I ordered at B&H Photo just as these went on backorder. The expected availability date was 7/18. Checked today and now 7/25. I ordered on 7/7. I think BH should have provided some explanation why the date was pushed out and whether I should have any degree of confidence that I can get one. Is the goal to get me to cancel my order so they can sell it for $50 more? I am starting to think I will never get the camera and lens at this price.


----------



## Swphoto (Jul 17, 2013)

You can buy it from Amazon right now for $299: http://www.amazon.com/Canon-Compact-Systems-Camera-3-0-Inch/dp/B008NENG1A/ref=sr_1_1?ie=UTF8&qid=1374073246&sr=8-1&keywords=eos+m+22mm

It keeps going out of stock, then coming back - so you might want to hurry if you're going that route.


----------



## Dylan777 (Jul 17, 2013)

tomsop said:


> I ordered at B&H Photo just as these went on backorder. The expected availability date was 7/18. Checked today and now 7/25. I ordered on 7/7. I think BH should have provided some explanation why the date was pushed out and whether I should have any degree of confidence that I can get one.  Is the goal to get me to cancel my order so they can sell it for $50 more? I am starting to think I will never get the camera and lens at this price.



I'm sure thousand CR members got their M @ $299 through BH. I doubt BH is trying to get $50 more out of this. Just stay cool.


----------



## GDub (Jul 17, 2013)

tomsop said:


> I ordered at B&H Photo just as these went on backorder. The expected availability date was 7/18. Checked today and now 7/25. I ordered on 7/7. I think BH should have provided some explanation why the date was pushed out and whether I should have any degree of confidence that I can get one. Is the goal to get me to cancel my order so they can sell it for $50 more? I am starting to think I will never get the camera and lens at this price.



I've been paying attention to my B&H order too, and yeah, it's frustrating. I ordered the same kit on 7/5 when the expected availability date was 7/11. This was well before the $299 deal cutoff date of 7/9! I doubt there's anything nefarious going on here, just a delayed shipment from Canon. At least, that's what I'm hoping, because I already have the lens mount adapter. Patience is a virtue, as they say--but who in the hell are "they"?


----------



## unfocused (Jul 17, 2013)

If B&H hasn't cancelled the order then I'm not sure what you can blame them for. They don't have any control over when they get a shipment in. What about "expected" is confusing? As long as they are still committed to honoring the order at the price you were quoted, just sit tight.


----------



## neuroanatomist (Jul 17, 2013)

Lesson for the future: *act fast!* The CR post indicated it was 'for a limited time'. Sometimes these deals last only hours. Personally, I ordered mine on 7/3, in the first couple of hours it was at that great price. Then I ordered the mount adapter before the prices on those went up $40 and many vendors sold out anyway.


----------



## blanddragon (Jul 17, 2013)

Just got an email from B&H that the EOS-M is discontinued:
Dear Customer

Thank you for your interest in the following item:

Canon EOS-M Mirrorless Digital Camera with EF-M 22mm f/2 STM Lens - Black
(B&H # CAEM22)

You are receiving this message because you asked to be notified when this item becomes available. We regret to inform you that this item has unfortunately been discontinued. Please check back on our website for similar or possible replacement items.
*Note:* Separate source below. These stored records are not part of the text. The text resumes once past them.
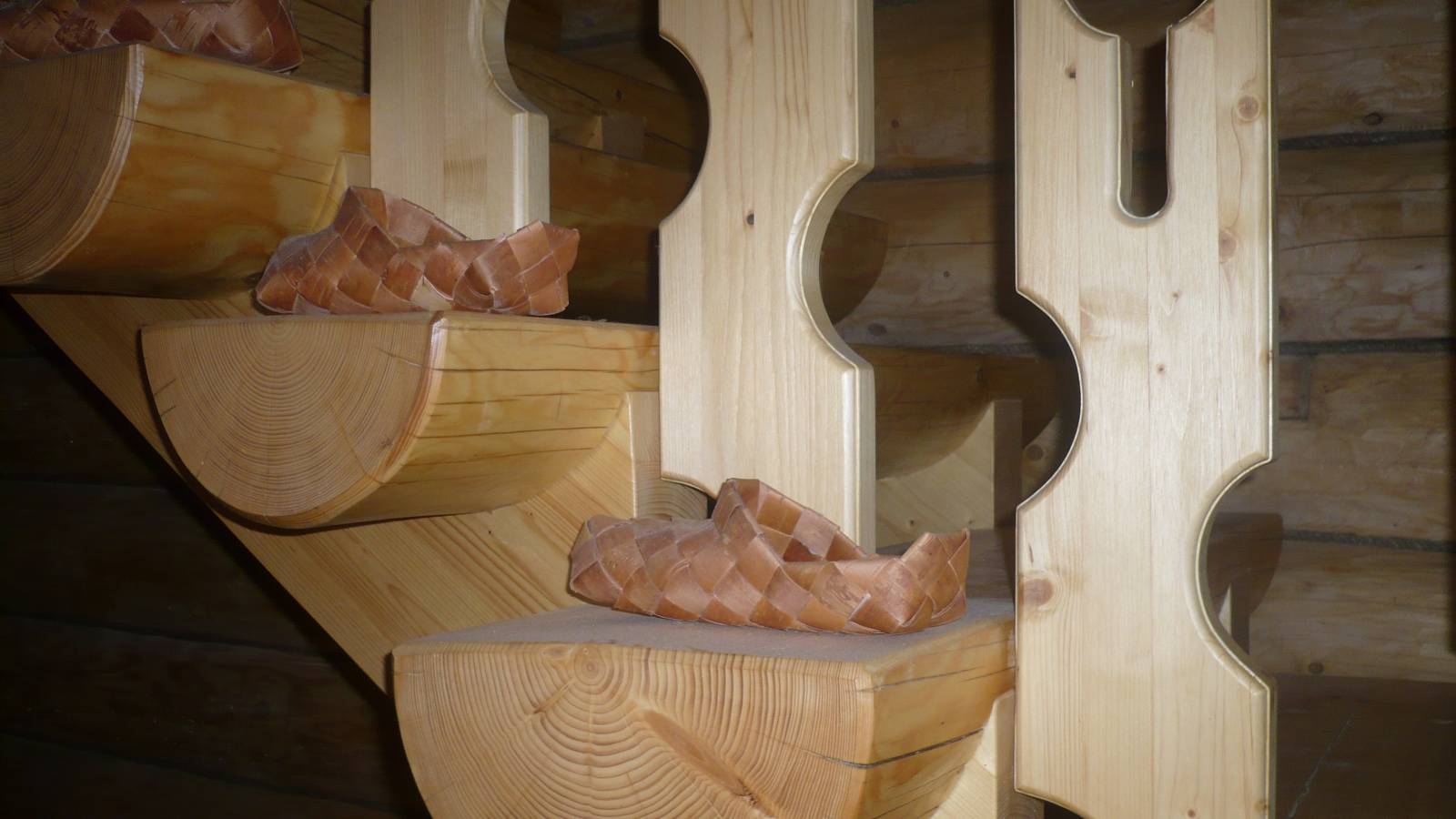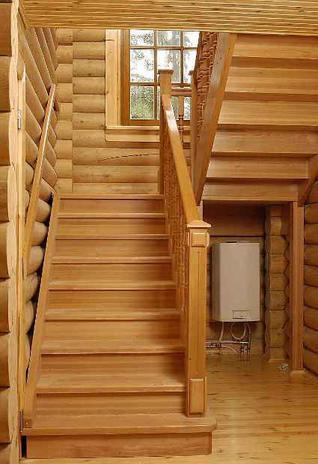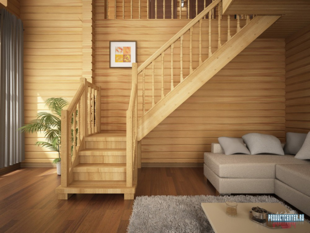 В зависимости от желаемого интерьера дома из бруса подбирают и вид деревянной лестницы для изготовления. Бывают лестницы с прямым маршем и лестничной площадкой или без оной, бывают также винтовые и криволинейные с прямыми ступенями. При выборе вида и расположения лестницы стоит ориентироваться и на то, чтобы она имела свободный проход. Если же сразу за ней начинается дверь, то должна оставаться хотя бы небольшая площадка, шириной не меньше ширины двери, а лучше и несколько больше. При планировке, предусматривающей непосредственное соприкосновение лестницы со стеной, сохранности конструкции будет способствовать выбор для размещения любой стены, кроме северной. Это будет способствовать тому, чтобы лестница не подвергалась вредоносным воздействиям влаги и ветра. Пограничные зоны дома, в которых тепло встречается с холодом, меньше всего подходят для установки лестницы, как и места, в которых предполагается расположение греющихся приборов. Эти же правила относятся и к деревянным лестницам для бань из бруса, в которых надо также учитывать расположение печки.
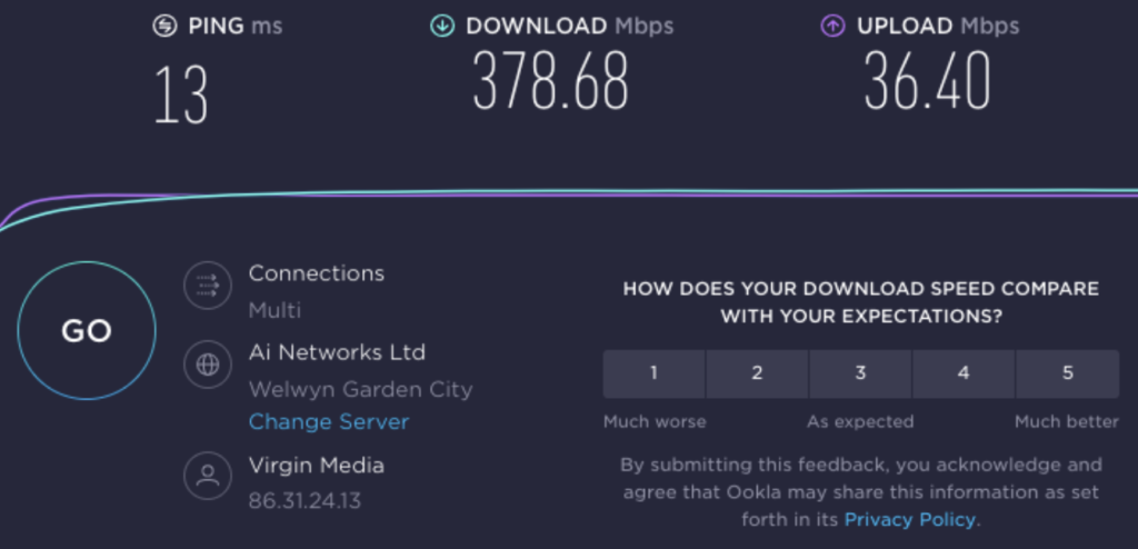 Como sospechaba, las velocidades mejoraron enormemente, aumentando hasta exactamente 234 Mbps. No es el mejor en comparación con los 378 Mbps básicos, pero aún así equivale aproximadamente al 60%. El ping casi se había duplicado, pero aún así era un buen resultado.
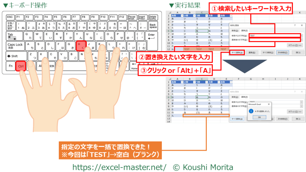 このショートカットキーを使うと、「置換」コマンドを活用できます。

We apologize for this inconvenience and appreciate your understanding.


----------



## neuroanatomist (Jul 17, 2013)

blanddragon said:


> Just got an email from B&H that the EOS-M is discontinued:



Interesting. The 18-55mm kits are still available...and in stock.


----------



## Mt Spokane Photography (Jul 17, 2013)

I expect that B&H is waiting on Canon to deliver them, they are not purposely holding up your camera. They were told that Canon had them in their warehouse, or that they were in transit, and quoted a normal arrival time.
Apparently other sellers took advantage of the Canon closeout and depleted the stock. Hopefully, the order will be filled, but if Canon is out of them, and, as a new member noted, they are discontinued, you are out of luck, or maybe in luck, you might be able to negotiate to get a deal on the replacement model?


----------



## Swphoto (Jul 17, 2013)

neuroanatomist said:


> Lesson for the future: *act fast!* The CR post indicated it was 'for a limited time'. Sometimes these deals last only hours. Personally, I ordered mine on 7/3, in the first couple of hours it was at that great price. Then I ordered the mount adapter before the prices on those went up $40 and many vendors sold out anyway.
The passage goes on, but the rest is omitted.